Fe_xO_y + 2y/3C_{Fixed carbon} → y/3CO₂ + y/3CO + xFe

(6)

The overall reaction is expressed as follows:

$$\mathrm{I}\mathrm{L}+3{\mathrm{Fe}}_x{\mathrm{O}}_y\to {\mathrm{H}}_2\mathrm{O}+\mathrm{CO}+{\mathrm{CO}}_2+3x\mathrm{Fe}+\mathrm{O}\mathrm{t}\mathrm{h}\mathrm{e}\mathrm{r}\mathrm{s}$$

(7)

It is well known that natural lignin is a complex organic compound with many functional groups. The industrial lignin used in this study was obtained by the alkaline pulping process, which is closer to the characteristics of natural lignin.
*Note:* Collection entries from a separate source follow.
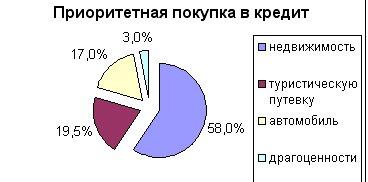 Взять кредит на отдых в случае нехватки собственных средств, готовы 25-30% респондентов. При ответе на вопрос о приоритетности покупки, на которую готовы взять кредит, мнения разделились следующим образом: большая часть потребителей (58%) в первую очередь готовы брать кредит на покупку недвижимости, затем, с отрывом практически в три раза, идет «туристическая путевка» и «автомобиль».
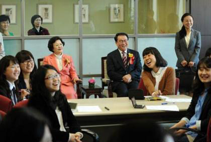 중공중앙 정치국 리창춘 상무위원이 한국 이화여자대학에서 청년학생들과 교류
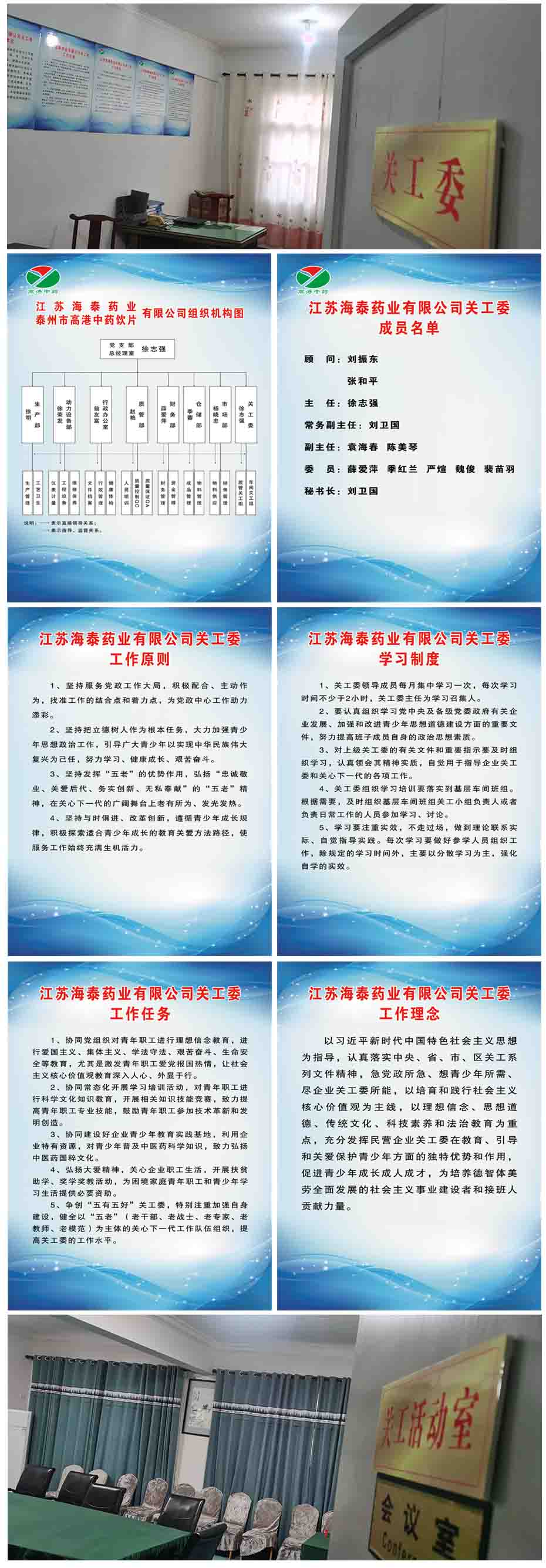 关工委组织机构健全,聘请上级关工委的两位领导为顾问;公司总经理徐志强任关工委主任,副总经理刘卫国任常务副主任兼秘书 长,另有2名副主任、5名委员。

Industrial lignin is mainly composed of the ether bond (R–O–R) with low bond energy (about 380–420 kJ·mol⁻¹) and is easy to break during pyrolysis, so it is easier to produce reducing gasses such as CO and H₂. Pulverized coal is mainly composed of polycyclic aromatic hydrocarbons connected by the carbon–carbon bond with large bond energy (about 1000 kJ·mol⁻¹), which is not easy to break during heating [40]. In addition, Hu et al. showed that the content of CO and CO₂ generated from coal pyrolysis increased linearly with the increase in the o/c atomic ratio in coal [41]. In this study, the O/C atomic ratio of IL is 1.30, which is much higher than that of LA (0.1) and SM (0.22), resulting in a higher content of CO and CO₂ produced by the pyrolysis of IL, which is conducive to the reduction of iron ore powder.
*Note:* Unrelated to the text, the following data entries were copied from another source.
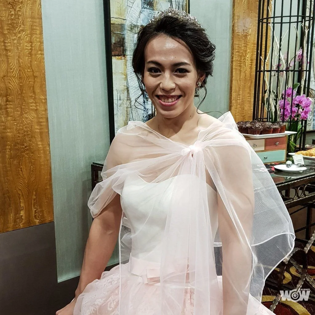 粉紅婚紗、下襬玫瑰花襯底,雅加達亞運舉重金牌郭婞淳擔綱表揚典禮共同主持,這不是她首次擔任主持人,但這樣子盛裝打扮是頭一回。
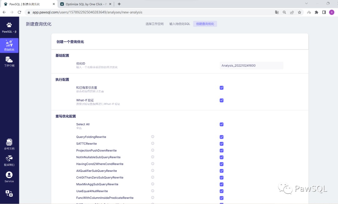 大家可以点击原文链接或是登录网址https://app.pawsql.com尝鲜使用PawSQL Cloud。如需私域部署,或是希望集成PawSQL的优化引擎到自己的数据库监控平台/SQL审核平台,请联系service@pawsql.com或是关注公众号PawSQL。
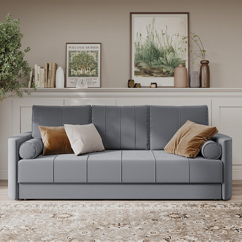 Диван «Амми» — это идеальное сочетание надёжности, простоты и комфорта. Прямая строчка на сиденье и приспинных подушках создает завершённый образ и придает модели мягкую геометричность. Механизм «Еврокнижка» в сложенном виде поможет сэкономить пространство в комнате и использовать диван для ежедневного сна. Благодаря универсальному дизайну, качественным материалам и эргономичности диван станет главным местом гостиной в современном стиле, сканди или лофт.
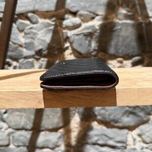 CONDITION: Pre-owned, in good condition. The black leather is overall in very good condition with light wear at edges. Surface marks visible on the inside. General wear on the burgundy leather interior, including scratches and rub marks. Wear and rubbing at the corners and edges. Minor creasing at folds. Hardware shows scratches. Please refer to the pictures and measurements. Feel free to inquire for additional information prior to purchase.
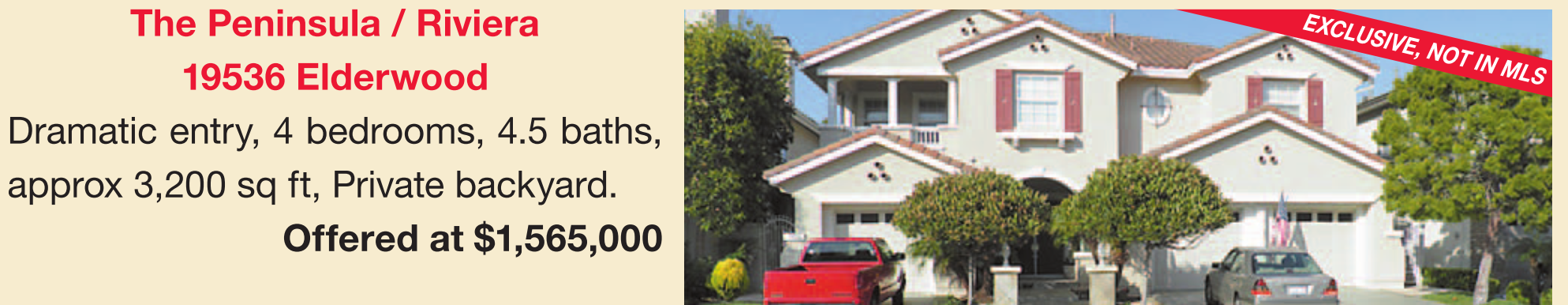 The Peninsula / Riviera 19536 Elderwood Dramatic entry, 4 bedrooms, 4.5 baths, approx 3,200 sq ft, Private backyard.
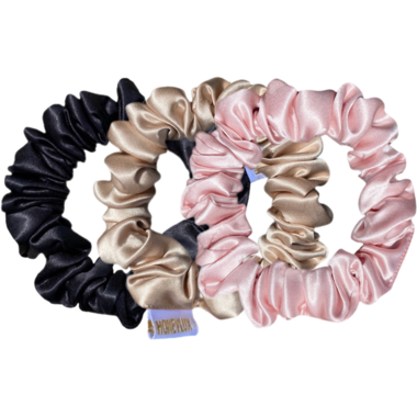 This set includes three luxurious mini scrunchies in classic Black, Pink, and Champagne.

This study also found that when the molar ratio of carbon to oxygen is 1.2, the activation energy of the reduction reaction of iron ore powder is the smallest. This is because when the molar ratio of carbon to oxygen is small, the content of the reducing agent is insufficient, resulting in a small amount of reducing gas and char generated after pyrolysis, which is not enough to completely reduce the iron ore powder. When the molar ratio of carbon to oxygen is too high, the reducing agent will generate a large amount of tar during the pyrolysis process, which hinders the reduction of iron ore powder. Therefore, based on the results of this experiment, the optimum carbon–oxygen molar ratio should be 1.2.

4. Conclusions

In the face of increasingly stringent environmental protection policies, as well as the country’s determination to vigorously develop a green economy and a low-carbon economy. In this paper, the kinetic behavior of industrial lignin produced in the pulp and paper industry as a reducing agent to reduce iron ore powder was studied. The following conclusions are obtained:

(1)

Under the same carbon–oxygen molar ratio, the activation energy of iron ore powder reduction by pulverized coal (16.81~123.10 kJ·mol⁻¹) is higher than that of industrial lignin (14.21~40.75 kJ·mol⁻¹). Industrial lignin is expected to be used as a reducing agent in the ironmaking process. The process of iron ore powder reduction by industrial lignin and pulverized coal conforms to the one-dimensional Jander model, and the kinetic equation is $G\left(\alpha \right)={\alpha }^2$.

(2)

According to the thermogravimetric curves of iron ore powder reduced by different reductants (LA, SM, and IL) and the change in CO content in the reduction process, the reduction temperature ranges of LA, SM, and IL reduced iron ore powder were determined to be 850~1100 °C, 850~1100 °C, and 800~1020 °C, respectively.

(3)

Under the condition of ensuring both sufficient reduction and reduction efficiency, the optimum carbon–oxygen molar ratio for the reduction of iron ore powder by industrial lignin is 1.2.